* **MATERIAL TO PROCESS**:
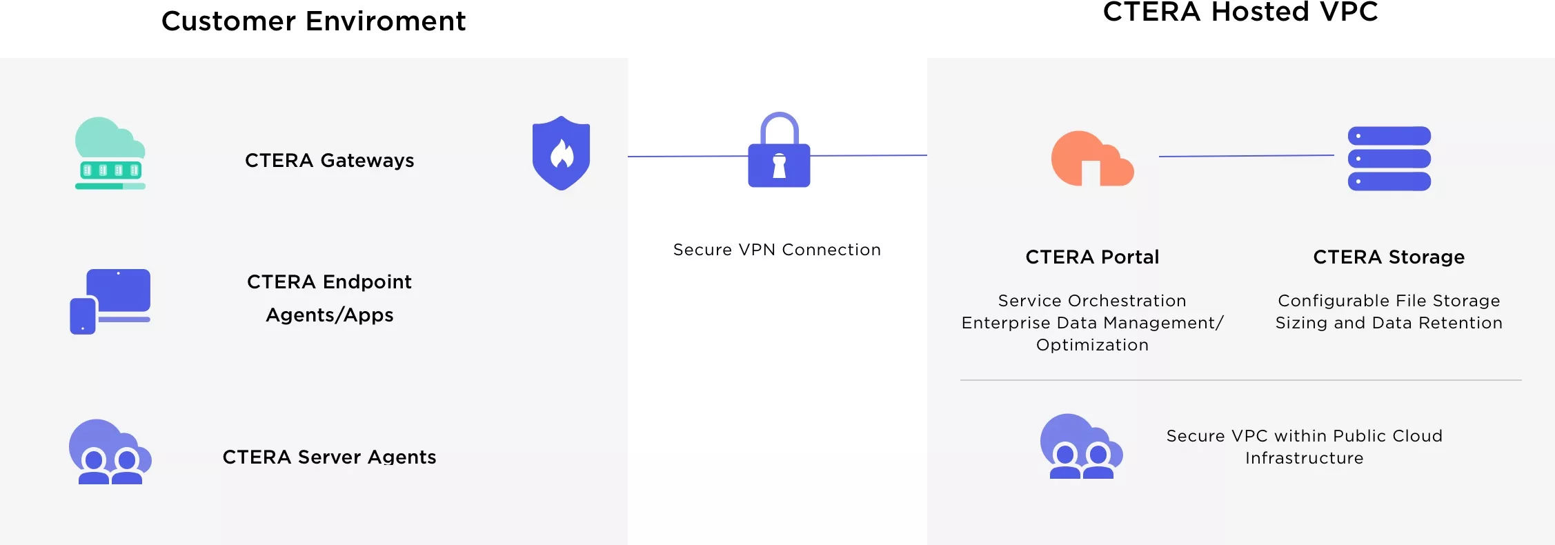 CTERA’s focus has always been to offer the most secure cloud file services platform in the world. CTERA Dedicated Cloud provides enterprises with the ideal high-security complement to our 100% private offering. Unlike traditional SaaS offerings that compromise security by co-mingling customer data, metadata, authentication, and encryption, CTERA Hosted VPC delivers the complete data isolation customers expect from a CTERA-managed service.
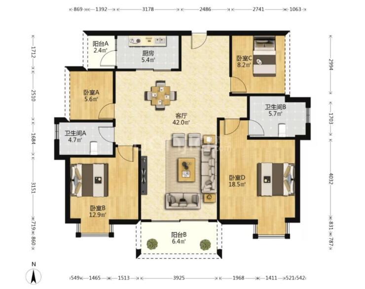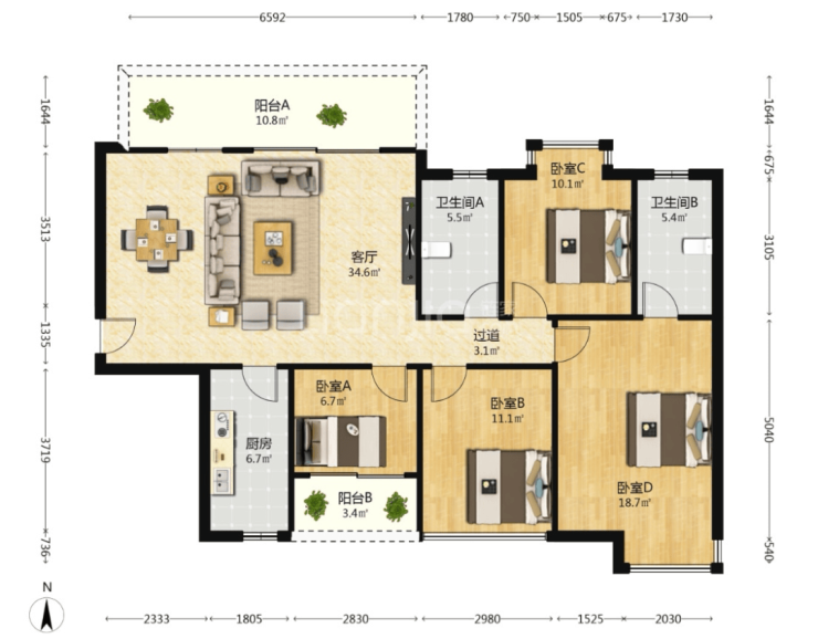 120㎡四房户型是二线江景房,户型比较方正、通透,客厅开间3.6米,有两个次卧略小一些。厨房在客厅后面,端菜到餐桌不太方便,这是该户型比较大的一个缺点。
* * *
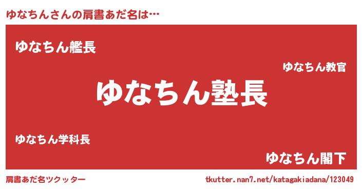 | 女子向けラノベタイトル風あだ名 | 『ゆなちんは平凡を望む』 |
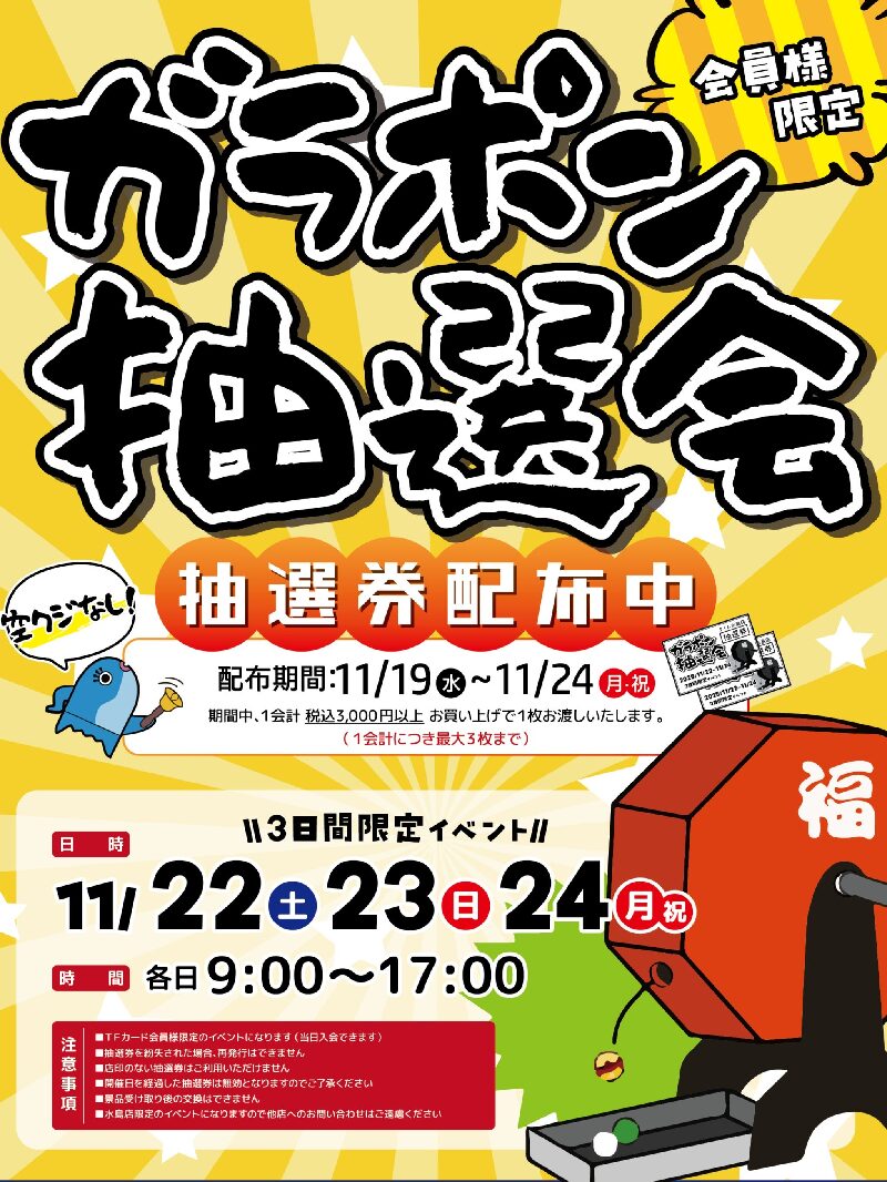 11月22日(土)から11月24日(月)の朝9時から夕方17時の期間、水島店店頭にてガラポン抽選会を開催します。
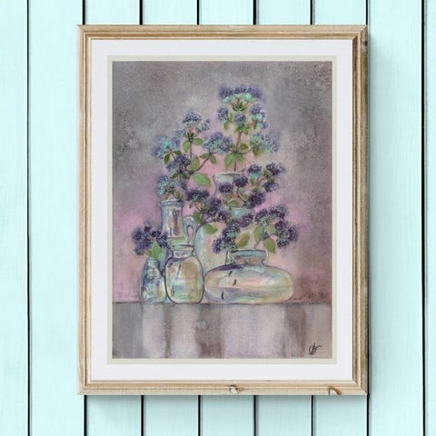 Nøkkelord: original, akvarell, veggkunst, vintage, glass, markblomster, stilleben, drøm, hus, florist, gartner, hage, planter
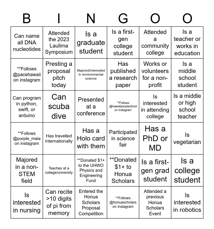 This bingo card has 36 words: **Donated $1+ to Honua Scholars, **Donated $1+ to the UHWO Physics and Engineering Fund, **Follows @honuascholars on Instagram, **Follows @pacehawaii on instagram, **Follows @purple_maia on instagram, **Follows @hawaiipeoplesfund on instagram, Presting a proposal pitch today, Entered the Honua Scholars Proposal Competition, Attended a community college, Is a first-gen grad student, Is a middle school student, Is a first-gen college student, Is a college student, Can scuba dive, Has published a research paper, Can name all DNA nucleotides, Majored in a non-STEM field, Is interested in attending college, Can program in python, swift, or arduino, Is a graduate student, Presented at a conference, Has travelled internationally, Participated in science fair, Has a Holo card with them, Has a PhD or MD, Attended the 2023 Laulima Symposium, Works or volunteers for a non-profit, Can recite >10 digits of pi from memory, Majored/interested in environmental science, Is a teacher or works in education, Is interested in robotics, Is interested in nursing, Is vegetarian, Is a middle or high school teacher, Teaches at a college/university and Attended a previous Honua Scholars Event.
==
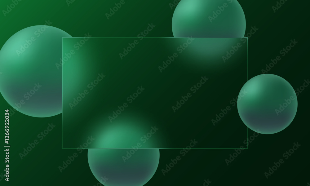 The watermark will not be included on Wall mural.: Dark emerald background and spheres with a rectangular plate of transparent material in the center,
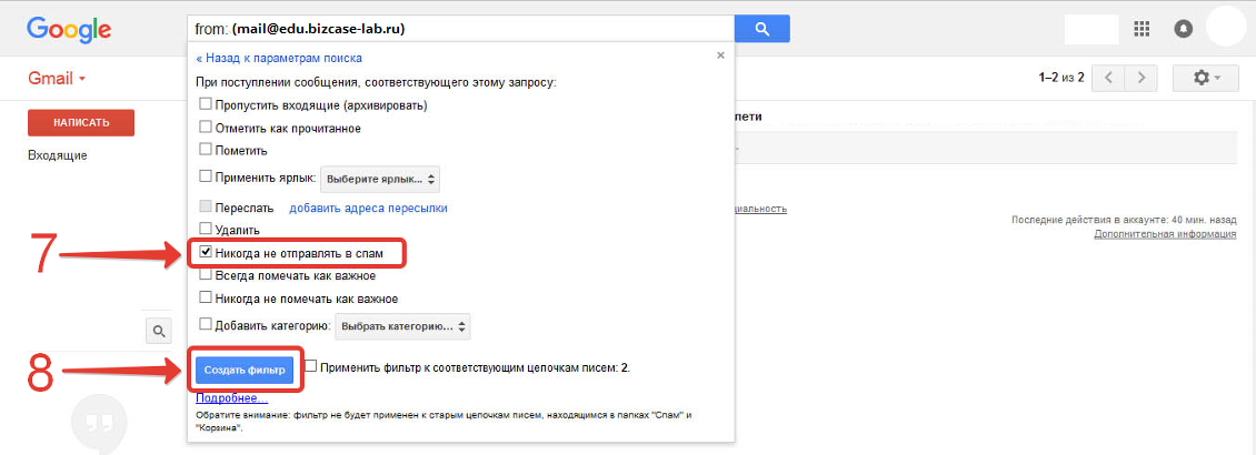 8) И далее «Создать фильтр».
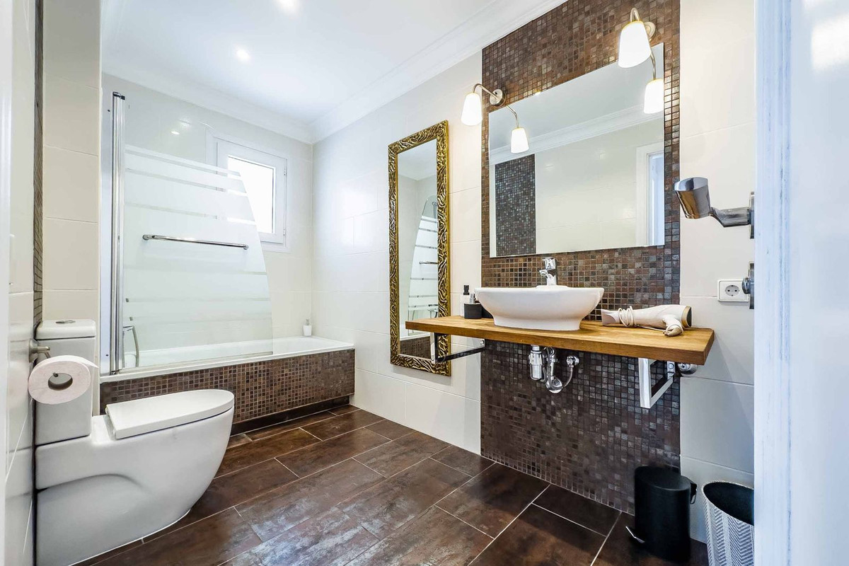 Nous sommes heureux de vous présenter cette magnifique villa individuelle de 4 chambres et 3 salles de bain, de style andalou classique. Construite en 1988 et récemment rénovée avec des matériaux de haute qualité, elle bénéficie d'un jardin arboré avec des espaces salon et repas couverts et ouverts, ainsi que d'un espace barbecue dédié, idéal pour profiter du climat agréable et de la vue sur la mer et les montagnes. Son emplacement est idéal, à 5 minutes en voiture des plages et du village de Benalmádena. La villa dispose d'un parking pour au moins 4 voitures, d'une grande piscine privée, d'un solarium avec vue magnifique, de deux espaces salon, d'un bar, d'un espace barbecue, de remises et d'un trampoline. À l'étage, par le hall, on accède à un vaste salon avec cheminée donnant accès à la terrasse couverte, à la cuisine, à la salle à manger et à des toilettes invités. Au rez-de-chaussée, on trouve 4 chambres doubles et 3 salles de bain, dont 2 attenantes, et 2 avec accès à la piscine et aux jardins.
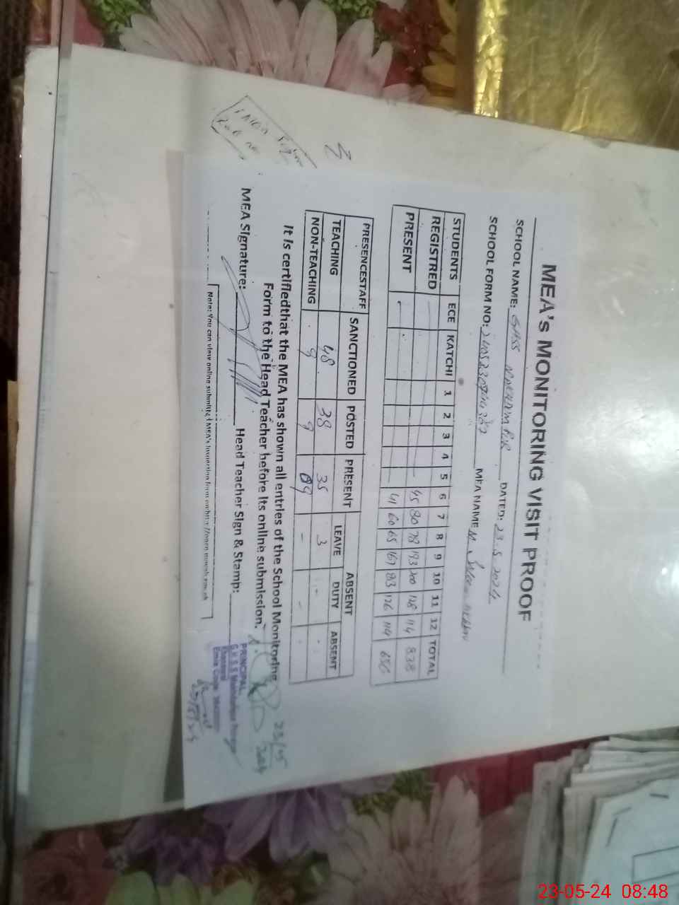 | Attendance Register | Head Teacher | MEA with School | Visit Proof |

* **WHAT THIS TASK INVOLVES**:
Given the listing above, retype only the span of lines from the line with "11月22日(土)から11月" up to and including the line with "gartner, hage, planter", exactly as it stands and without pictures.

* **COMPLETED TASK**:
 11月22日(土)から11月24日(月)の朝9時から夕方17時の期間、水島店店頭にてガラポン抽選会を開催します。
 Nøkkelord: original, akvarell, veggkunst, vintage, glass, markblomster, stilleben, drøm, hus, florist, gartner, hage, planter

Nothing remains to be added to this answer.